What are autonomous AI agents and which vendors offer them?

Autonomous artificial intelligence (AI) agents are intelligent systems that can perform tasks for a user or system without human intervention. They're a specific type of intelligent agent characterized by their ability to operate independently, make decisions and take actions without requiring ongoing human guidance.

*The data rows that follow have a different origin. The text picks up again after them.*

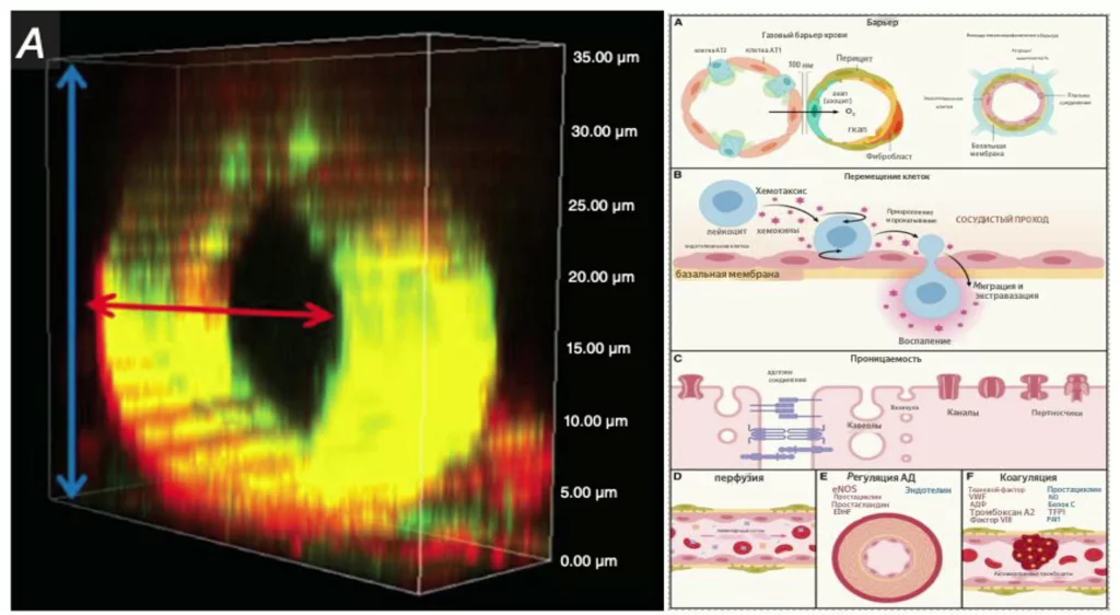 Сегодня этот барьер очень подробно описан. И ученые со всего мира очень много сделали для того, чтобы, к примеру, описать капиллярную утечку, как на рисунке ниже.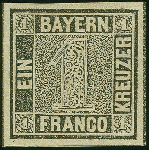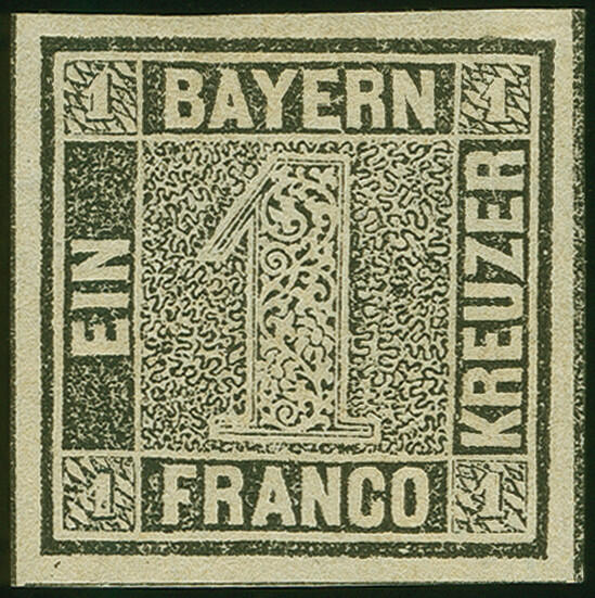 | Zusatzinformationen und Suchstichworte: | Heinrich Köhler 384. Auktion 19./20., 23. - 28. September 2024 Los 3976 Altdeutschland Bayern 1 Kr. schwarz, Platte 1, farbfrisch und allseits breitrandig, dreiseitig mit Zwischenlinien, ungebraucht mit frischem Originalgummi. Tadellos. Ausruf 400,00 EUR |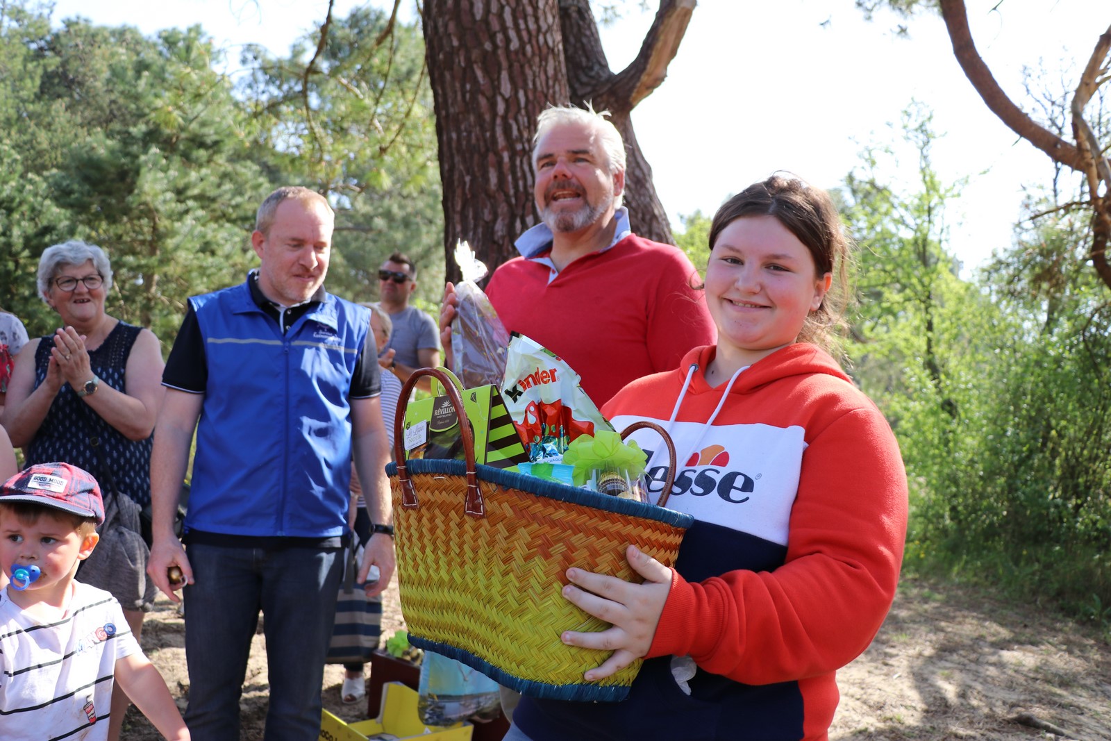 Pour conclure la matinée, c’est à la chasse à l’œuf d’or et aux œufs d’argent que les familles ont participé pour tenter de dénicher l’un d’entre eux en suivant un parcours semé d’embuches et de petites énigmes où il fallait être doté d’un bon sens de l’observation pour s’y retrouver ! Après une demi d’heure à parcourir l’espace boisé, trois enfants ont fini par trouver ces petits trésors qui permettaient de remporter de beaux paniers garnis. Il s’agit de Faustine, Angèle et Canelle qui ont été félicité pour leur réussite.

A normal software agent is a goal-oriented program that reacts to its environment in limited autonomous ways to perform a function for an end user or other program. Intelligent agents are typically more advanced, can perceive their environment, process data and make decisions with some level of adaptability. Autonomous AI agents, by comparison, are designed to operate independently with a higher level of adaptability to enable them to make more complex decisions with little to no human influence.

A panel of three experts with quotes on their expectations for AI agents.
Autonomous AI agents have great potential.

Agents can typically activate and run themselves without input from human users. They can also be used to initiate or monitor other programs and applications. Autonomous AI agents typically use large language models (LLMs) and external sources like websites or databases. They can also continuously improve using self-learning techniques. Autonomous AI agents can operate in dynamic environments, making them ideal for complex tasks like enterprise customer service.

Agent-based computing and modeling have existed for decades, but with recent innovations in generative AI, researchers, vendors and hobbyists are building more autonomous AI agents. While these efforts are still in their early stages, the long-term goal is to enhance efficiency, streamline workflows and advance processes. For example, autonomous AI agents could be used in tandem with robotic process automation (RPA) bots to execute simple tasks and eventually collaborate on whole processes.

Features of autonomous AI agents

Common features of autonomous AI agents include the following:

  • Increased autonomy. Autonomous AI agents have increased levels of autonomy compared to other agents. This means they can operate in more complex environments.
  • Adaptability. Autonomous AI agents can react and learn from their environment, meaning they can interpret data, navigate complex obstacles and adjust their behavior.
  • Accessibility to tools. Autonomous AI agents can also access tools like data from customer interactions, external databases, the web and sensor data.
  • Memory storage. Autonomous AI agents with built-in memory means that the agent can learn from its past experiences.
  • Social skills. Autonomous AI agents can understand naturally written human language, as they're typically trained using LLMs and natural language processing (NLP).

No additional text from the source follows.